*RECORDS FOR THIS TASK:*
★ ★ ★ ★
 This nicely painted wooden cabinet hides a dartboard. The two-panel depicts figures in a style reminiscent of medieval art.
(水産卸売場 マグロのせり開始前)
★ ★ ★ ★
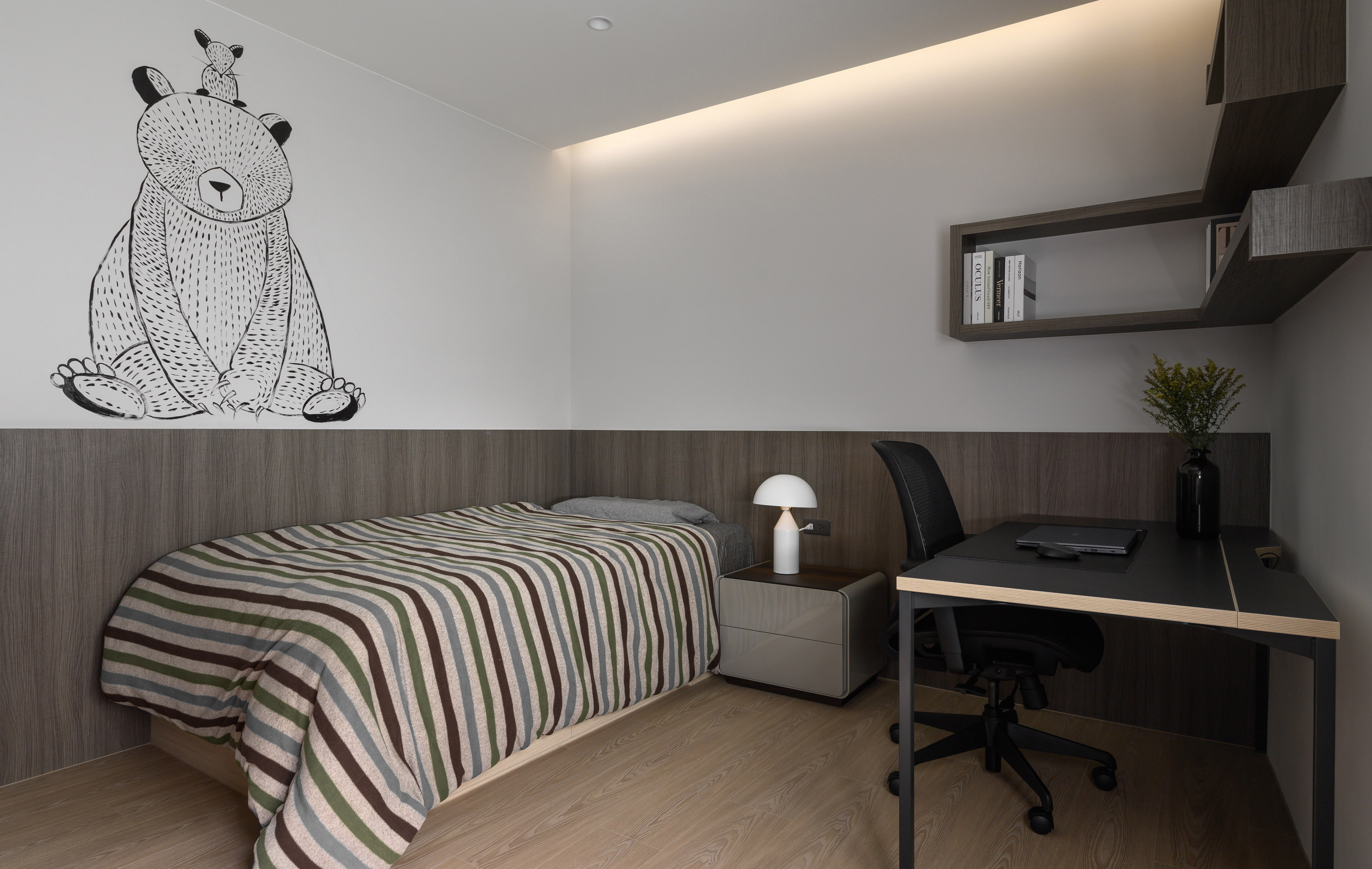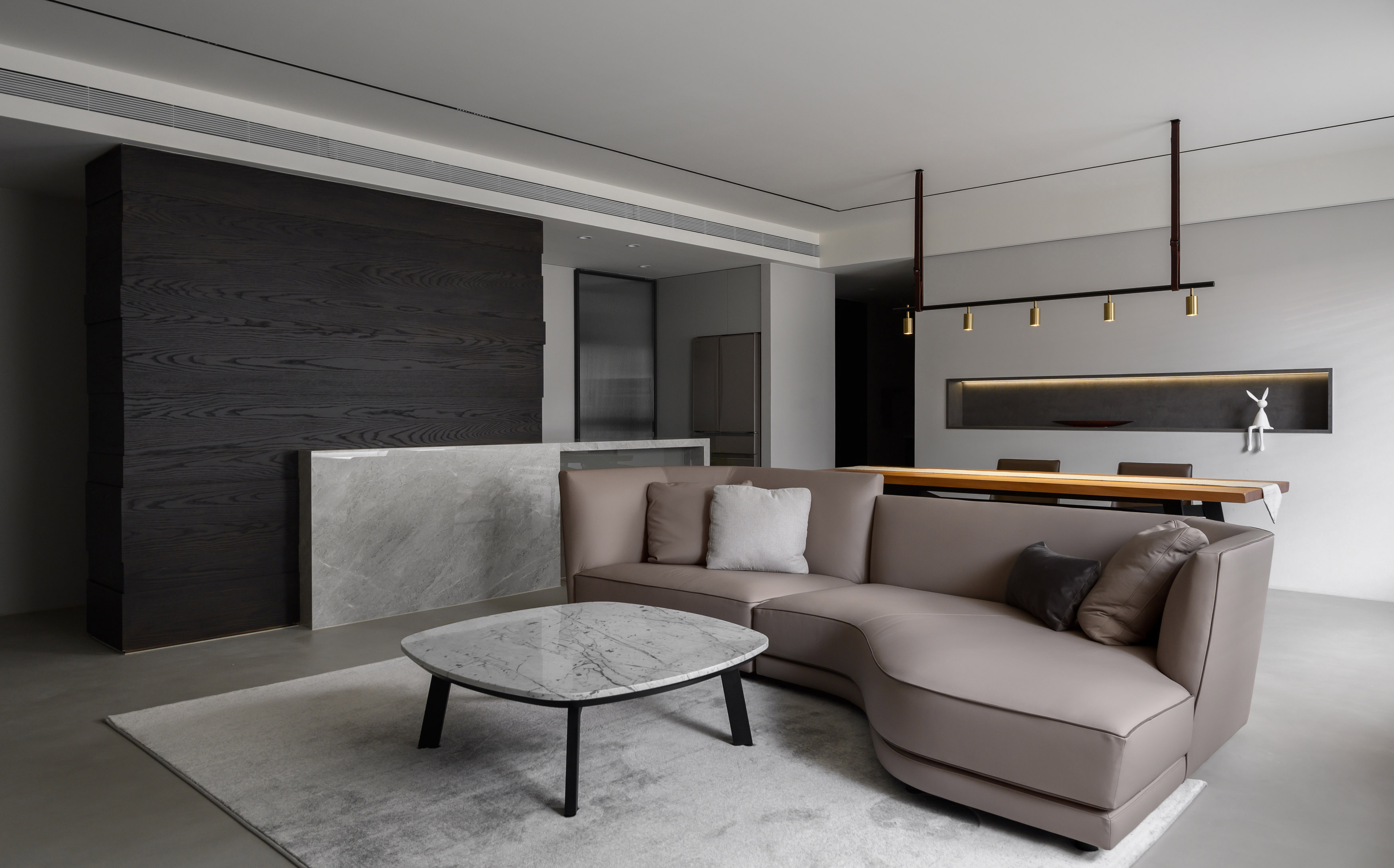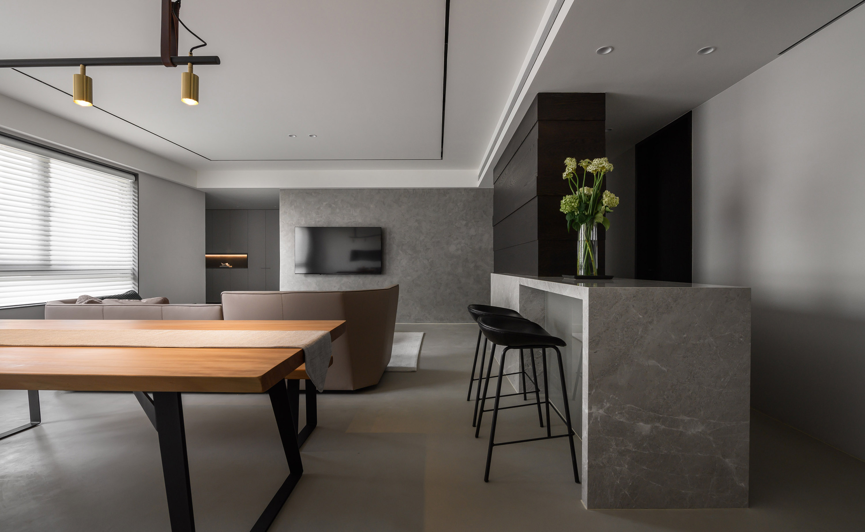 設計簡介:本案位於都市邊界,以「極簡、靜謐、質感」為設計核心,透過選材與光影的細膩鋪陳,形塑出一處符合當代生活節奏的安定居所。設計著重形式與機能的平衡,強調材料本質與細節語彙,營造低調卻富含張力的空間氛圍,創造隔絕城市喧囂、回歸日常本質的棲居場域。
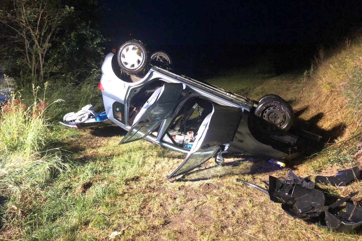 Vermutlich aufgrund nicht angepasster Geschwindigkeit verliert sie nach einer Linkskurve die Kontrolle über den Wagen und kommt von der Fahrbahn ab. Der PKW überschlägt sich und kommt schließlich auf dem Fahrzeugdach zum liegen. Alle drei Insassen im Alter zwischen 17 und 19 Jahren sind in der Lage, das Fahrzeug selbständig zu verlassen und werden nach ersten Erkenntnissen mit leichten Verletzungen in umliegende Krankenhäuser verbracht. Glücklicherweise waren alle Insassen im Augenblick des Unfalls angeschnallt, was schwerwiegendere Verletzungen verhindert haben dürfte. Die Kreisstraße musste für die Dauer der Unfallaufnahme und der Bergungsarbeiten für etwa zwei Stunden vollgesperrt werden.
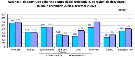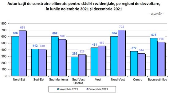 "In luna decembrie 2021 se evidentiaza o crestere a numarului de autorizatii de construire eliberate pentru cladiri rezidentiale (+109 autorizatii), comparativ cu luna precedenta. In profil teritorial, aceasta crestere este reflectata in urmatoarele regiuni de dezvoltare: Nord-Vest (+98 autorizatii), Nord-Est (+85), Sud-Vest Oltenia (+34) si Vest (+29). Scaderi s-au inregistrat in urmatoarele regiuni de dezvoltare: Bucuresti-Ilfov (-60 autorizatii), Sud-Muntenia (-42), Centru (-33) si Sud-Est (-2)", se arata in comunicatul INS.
★ ★ ★ ★
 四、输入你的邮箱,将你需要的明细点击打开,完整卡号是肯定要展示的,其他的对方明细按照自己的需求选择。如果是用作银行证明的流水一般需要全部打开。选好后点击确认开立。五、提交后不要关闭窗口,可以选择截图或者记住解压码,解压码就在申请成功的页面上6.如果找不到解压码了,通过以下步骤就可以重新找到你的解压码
★ ★ ★ ★
*WORK TASK:* Would you copy the lines above exactly, starting with the one that has "設計簡介:本案位於都市邊界,以「極簡、靜" and ending with the one that has "Vermutlich aufgrund nicht", both included, without the pictures?

*YOUR SOLUTION:*
 設計簡介:本案位於都市邊界,以「極簡、靜謐、質感」為設計核心,透過選材與光影的細膩鋪陳,形塑出一處符合當代生活節奏的安定居所。設計著重形式與機能的平衡,強調材料本質與細節語彙,營造低調卻富含張力的空間氛圍,創造隔絕城市喧囂、回歸日常本質的棲居場域。
 Vermutlich aufgrund nicht angepasster Geschwindigkeit verliert sie nach einer Linkskurve die Kontrolle über den Wagen und kommt von der Fahrbahn ab. Der PKW überschlägt sich und kommt schließlich auf dem Fahrzeugdach zum liegen. Alle drei Insassen im Alter zwischen 17 und 19 Jahren sind in der Lage, das Fahrzeug selbständig zu verlassen und werden nach ersten Erkenntnissen mit leichten Verletzungen in umliegende Krankenhäuser verbracht. Glücklicherweise waren alle Insassen im Augenblick des Unfalls angeschnallt, was schwerwiegendere Verletzungen verhindert haben dürfte. Die Kreisstraße musste für die Dauer der Unfallaufnahme und der Bergungsarbeiten für etwa zwei Stunden vollgesperrt werden.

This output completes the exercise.